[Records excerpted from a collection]
——

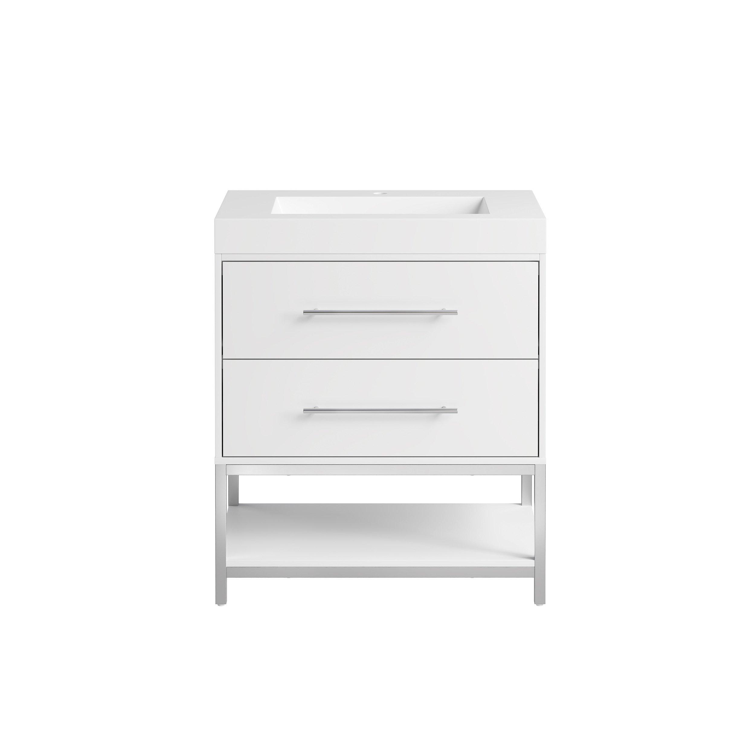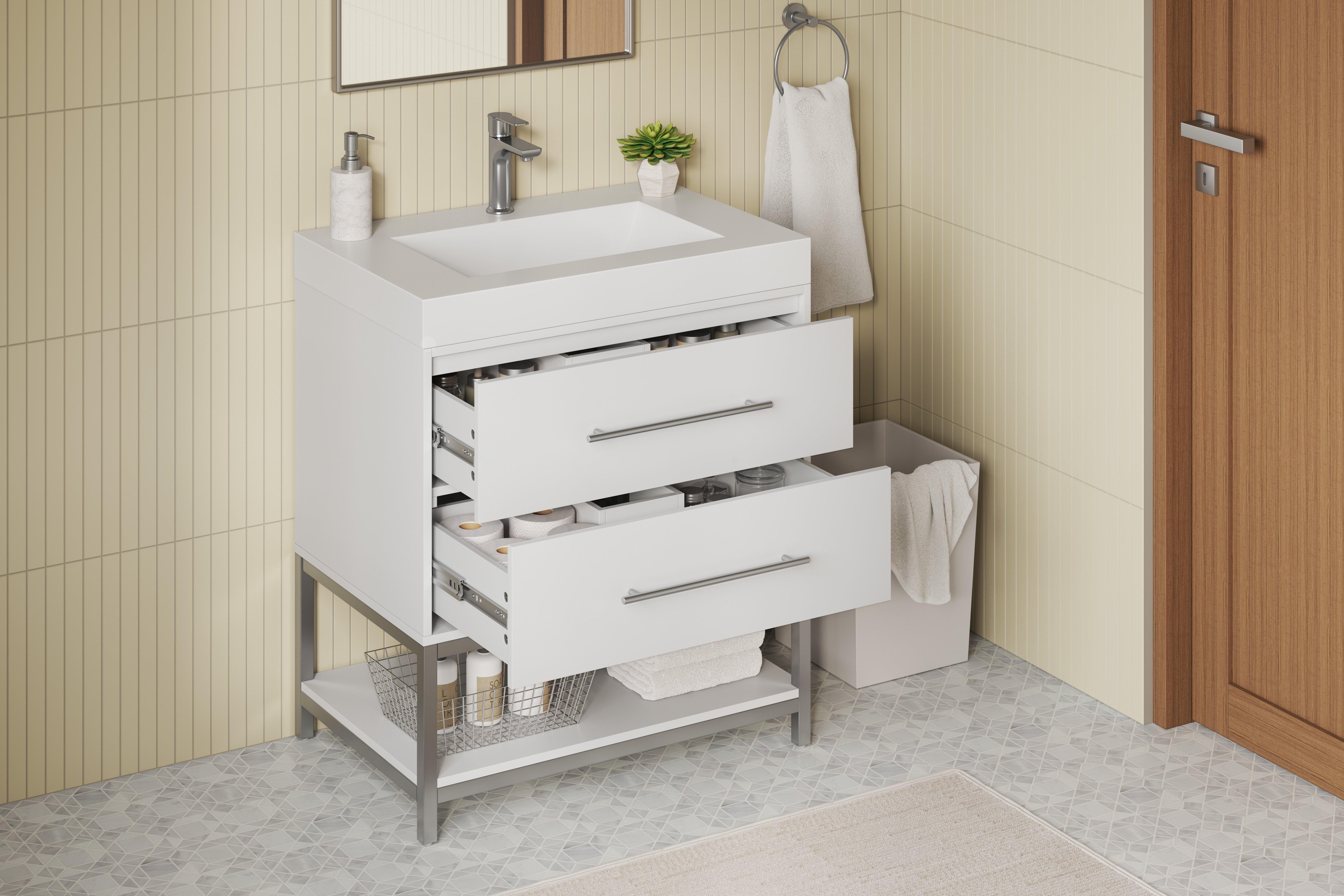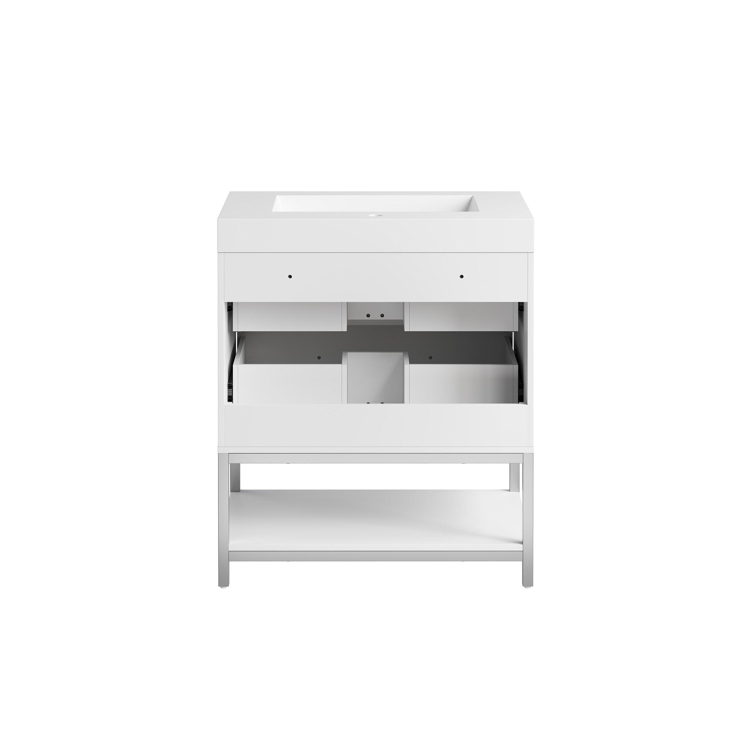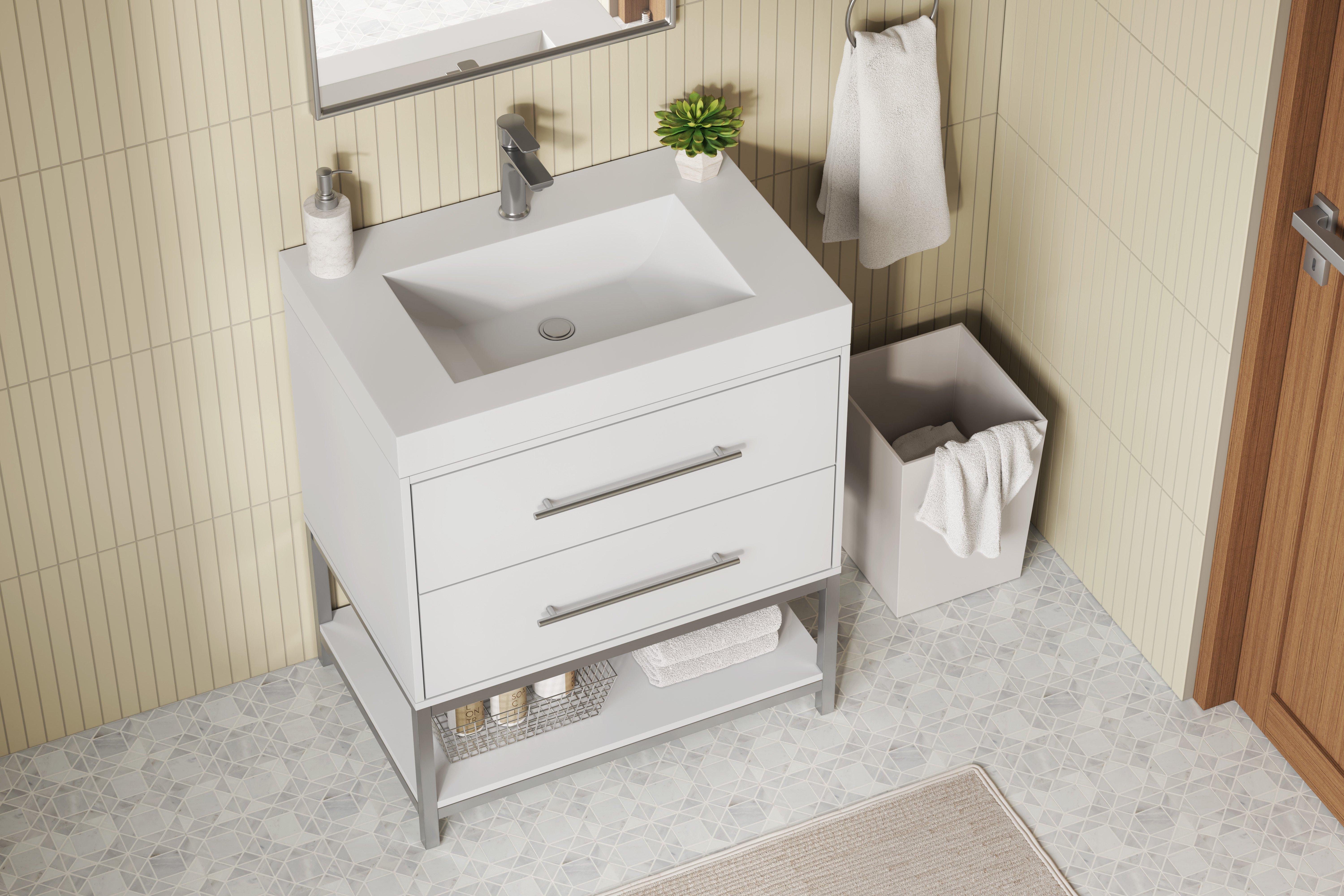 Complete your bathroom with the beautiful Brookwood 30 in. White Vanity with Engineered Stone Top. This wall mounted or freestanding features durable mdf cabinets in stunning white with a white composite vanity top and brushed n/a hardware. A charming single wall mounted sink in brilliant white is included. The Brookwood 30 in. White Vanity with Engineered Stone Top is a versatile choice to customize multiple bathroom settings.
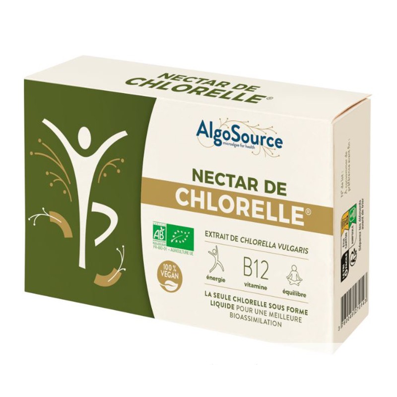 Нектарът от хлорела на френската компания AlgoSource, е 100% натурален, течен екстракт от микроводораслите Chlorella vulgaris, осигуряващ витамин В12. Хлорела нектарът има детоксикиращи, имуноукрепващи, кардиопротективни и холестеролопонижаващи свойства. Заради ободряващи си ефект, може да се използва като средство за възстановяване на жизнените сили при умствена и физическа преумора. Отлично допълнение към диетата при веганство и вегетарианство.
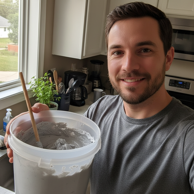 Open the kit and lay out the bucket, powders, tools, and instructions.
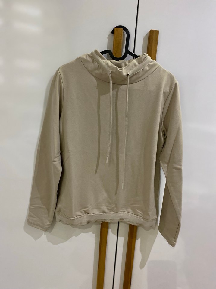 Bej renkte, yüksek yakalı ve uzun kollu kadın sweatshirtü. Yumuşak keten kumaştan, bol kesim ve normal boyda. Günlük rahat sokak stiline uygun, desensiz ve şık görünümlü.
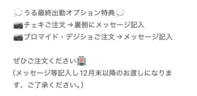 天神 I♡Heart cafeくろえ🐈⬛ I♡Heartcafe@Iheart_chIoe·11月18日クリスマス一緒に過ごそう♡♡ トレカ&アクキーぜっっったい可愛くするので𝑮𝑬𝑻してくださいナ、、(՞⸝⸝› ̫ ‹⸝⸝՞)♡12月から価格改定されるので今月中の予約がお得です♬.*゚引用I♡Heart cafe🏥福岡天神ナースコンカフェ@I_Heartcafe·11月18日🎅クリスマスイベントのお知らせ🎅 下記日程の間でシャンパン類をご予約いただいた患者様へ値段によって異なる特典をプレゼントいたします🎁 ご希望の患者様は当DMへ【クリスマス】とお送りくださいませ。 また、12月よりシャンパン類の価格改定を予定しております。さらに表示7437
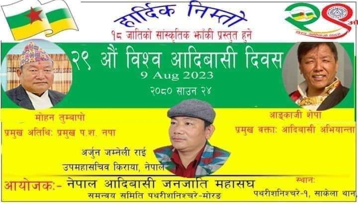 पथरी । अन्तर्राष्ट्रिय आदिवासी जनजाति दिवस आज विभिन्न कार्यक्रम गरी मनाइँदै छ । सातै प्रदेशका ग्रामीण तथा सहरी भेगमा उल्लासका साथ आदिवासी संघसंगठनको अगुवाइमा दिवस मनाउने चलन छ । पथरीमा हुने कार्यक्रममा पथरी शनिश्चरे नगरपालिकाका प्रमुख मोहन तुम्बापो, आदिवासी जनजातिका अगुवा आङ्काजी शेर्पा `किसान´, किरात राई यायोख्खाका उपमहासचिव अर्जुन जम्नेली राईले सम्बोधन गर्ने वताइएको छ।

——

Task to carry out: Nothing but the lines from the first line of the records above to the line with "Нектарът от хлорела", inclusive, should be transcribed exactly, and the pictures must be left out.

Finished exercise:
 Complete your bathroom with the beautiful Brookwood 30 in. White Vanity with Engineered Stone Top. This wall mounted or freestanding features durable mdf cabinets in stunning white with a white composite vanity top and brushed n/a hardware. A charming single wall mounted sink in brilliant white is included. The Brookwood 30 in. White Vanity with Engineered Stone Top is a versatile choice to customize multiple bathroom settings.
 Нектарът от хлорела на френската компания AlgoSource, е 100% натурален, течен екстракт от микроводораслите Chlorella vulgaris, осигуряващ витамин В12. Хлорела нектарът има детоксикиращи, имуноукрепващи, кардиопротективни и холестеролопонижаващи свойства. Заради ободряващи си ефект, може да се използва като средство за възстановяване на жизнените сили при умствена и физическа преумора. Отлично допълнение към диетата при веганство и вегетарианство.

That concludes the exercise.